Scott opted for the fantasy genre next with the Brothers Grimm-inspired
Legend (1985), his second feature in a row that exists in multiple versions (each with a different ending!), and starring
Tom Cruise, Mia Sara, and Tim Curry. The police thriller was Scott’s next genre choice for the commercially disappointing though visually rich
Someone to Watch Over Me (1987), with Tom Berenger, Mimi Rogers, and Lorraine Bracco. Scott joined star Michael Douglas for the Japan-based actioner,
Black Rain (1989), with Andy Garcia, Ken Takakura, and Kate Capshaw, which proved Scott’s best box-office performance since Alien with a $134-plus-million global gross.
Ridley Scott catapulted his directorial career with a movie that became a social phenomenon and the definitive feminist epic of that era--
Thelma & Louise (1991)—written by (Oscar-winning) Callie Khouri and co-starring Susan Sarandon, Geena Davis, Harvey Keitel, and (in his breakthrough)
Brad Pitt, and earning six Oscar nominations and over $45 million gross after premiering at the Cannes film festival.
Scott returned to the historical epic with his (and writer Roselyne Bosch’s) take on Christopher Columbus’s New World invasion,
1492: Conquest of Paradise (1992), with Gérard Depardieu, Armand Assante, and Sigourney Weaver, but which underperformed with only a $59 million gross. Scott stayed on the water but in the survival adventure genre for
White Squall (1996), one of Scott’s poorest-grossing movies ($10 million) starring Jeff Bridges, Caroline Goodall, John Savage, Scott Wolf, Jeremy Sisto, and Balthazar Getty.
Scott had one of his rare back-to-back box-office failures with the poorly-received military drama,
G.I. Jane (1997), starring Demi Moore, Viggo Mortensen, and Anne Bancroft and earning only $48 million on a $50 million budget. Ridley Scott bounced back with one of his most universally acclaimed movies,
Gladiator (2000), starring
Russell Crowe in his star-making (and Oscar-winning) role, with
Joaquin Phoenix, Connie Nielsen, Oliver Reed, Derek Jacobi,
Djimon Hounsou, and Richard Harris, and amassing five Oscars (including best picture), and earning over $503 million globally.

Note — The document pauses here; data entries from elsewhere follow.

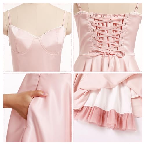 ODIZLI Women's Satin Short Corset Mini Short Dress Sleeveless Sweetheart Neckline Ruffle Party Dress Summer with Pockets 5
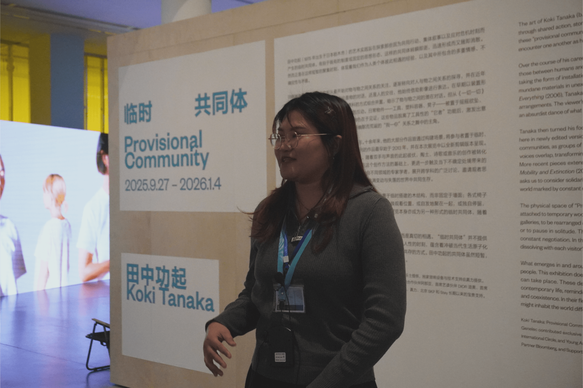 常园青老师的研究长期聚焦人口老龄化背景下的年龄态度、代际关系与老年时期的社会适应,议题包括人们如何感知衰老、如何积极适应老年生活,以及如何促成更和谐的代际共处。艺术家田中功起通过“临时共同体”构建的微型社会实验,生动模拟了现实生活中照护与代际互动所面临的挑战——无论是有限资源的协商,还是弥合认知与身体差异的互助。在此次特邀导览中,常老师将结合这些研究,与观众共同探讨艺术家的创作所揭示的心理与社会因素如何在跨代的集体协作中发挥作用,进而启发大家思考:在一个不可逆转地“老去”的社会中,我们应如何通过练习与实践,更和谐地走向“共老”。
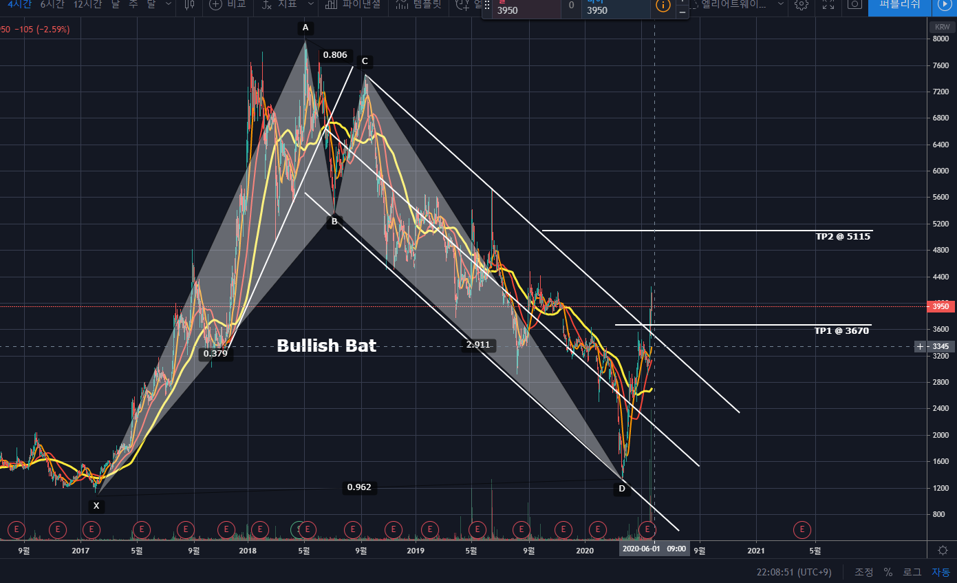 이곳에서 노란색 120이평이 있는 2천원대 후반정도는 피보나치 0.5되돌림 자리부근으로, 여기에서 지지받는다면 재차 상승하여 TP인 5,115원까지 무난히 상승할 것으로 보여집니다.
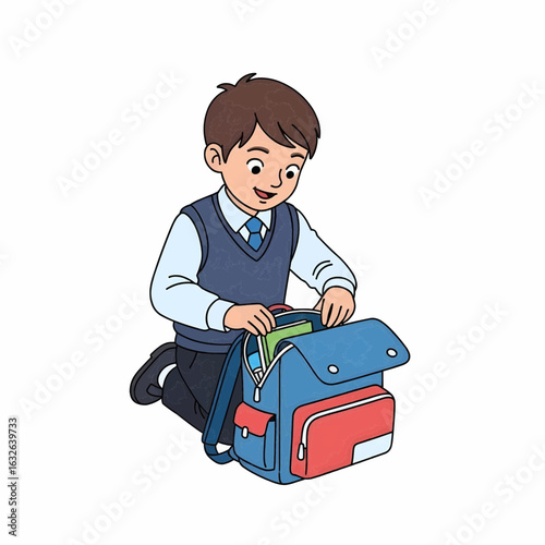 Cute little boy with magnifying glass exploring books educational illustration childrens cartoon drawing kid fun happy
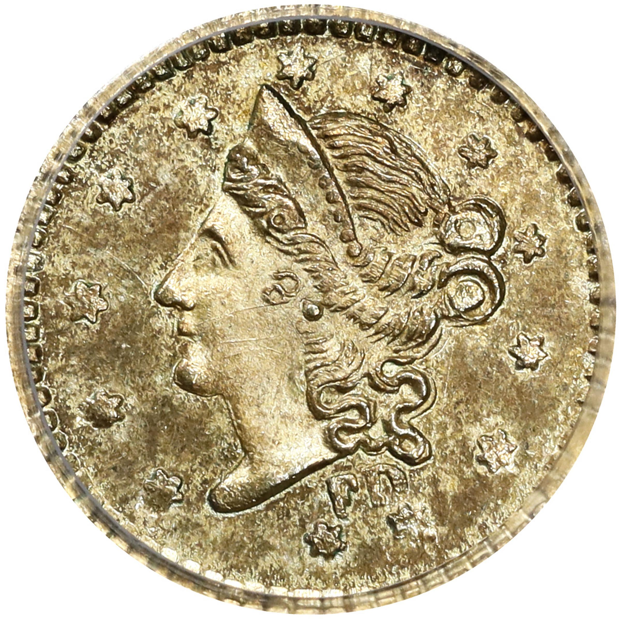 - This rare and significant variety is one of just two of the round 50 cents denomination that displays the maker's initials FD - for Frontier, Deviercy & Co. - prominently on the obverse. The other is the nearly as rare BG-404, and the two were actually coined from the same obverse die. Writing in the 2003 edition of the Breen-Gillio reference California Pioneer Fractional Gold, Bob Leonard enumerates just nine examples of BG-403. Of those, one is plugged, and it is noted that there may be some duplication in the listings, which probably explains the "7 to 9 known" provided by PCGS CoinFacts. No matter the actual number, the present piece is among the finest known when compared to the coins in the Leonard census. This lightly toned Choice Mint State example will be a welcomed addition to another specialized cabinet. Only one other BG-403 appears in our online archives, also a PCGS MS-63 coin that realized $5,760 in our August 2021 sale of the Oregon Collection.
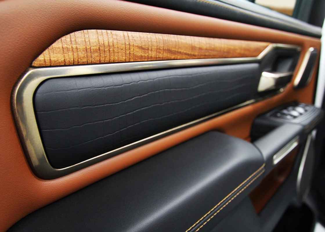 Likewise, the truck’s door panels – typically slabs of hard black plastic in most trucks -- sported the same pliable black leather-like material on their tops and more of the dazzling wood trim.

Scott continued his box-office run with his only sequel to a movie he didn’t originate with
Hannibal (2001), co-written by David Mamet and Steven Zaillian, and starring
Anthony Hopkins as Hannibal Lecter, Julianne Moore (taking over the Clarice role from Jodie Foster in 1990s
The Silence of the Lambs),
Ray Liotta, Frankie R. Faison, Giancarlo Giannini, and Gary Oldman, and earning $352 million worldwide.
Black Hawk Down (2001), based on Mark Bowden’s non-fiction military saga, proved to be Scott’s second success in a single year, with a cast including Josh Hartnett, Eric Bana, Ewan McGregor, Tom Sizemore, William Fichtner, and Sam Shepard and a $173 million global gross.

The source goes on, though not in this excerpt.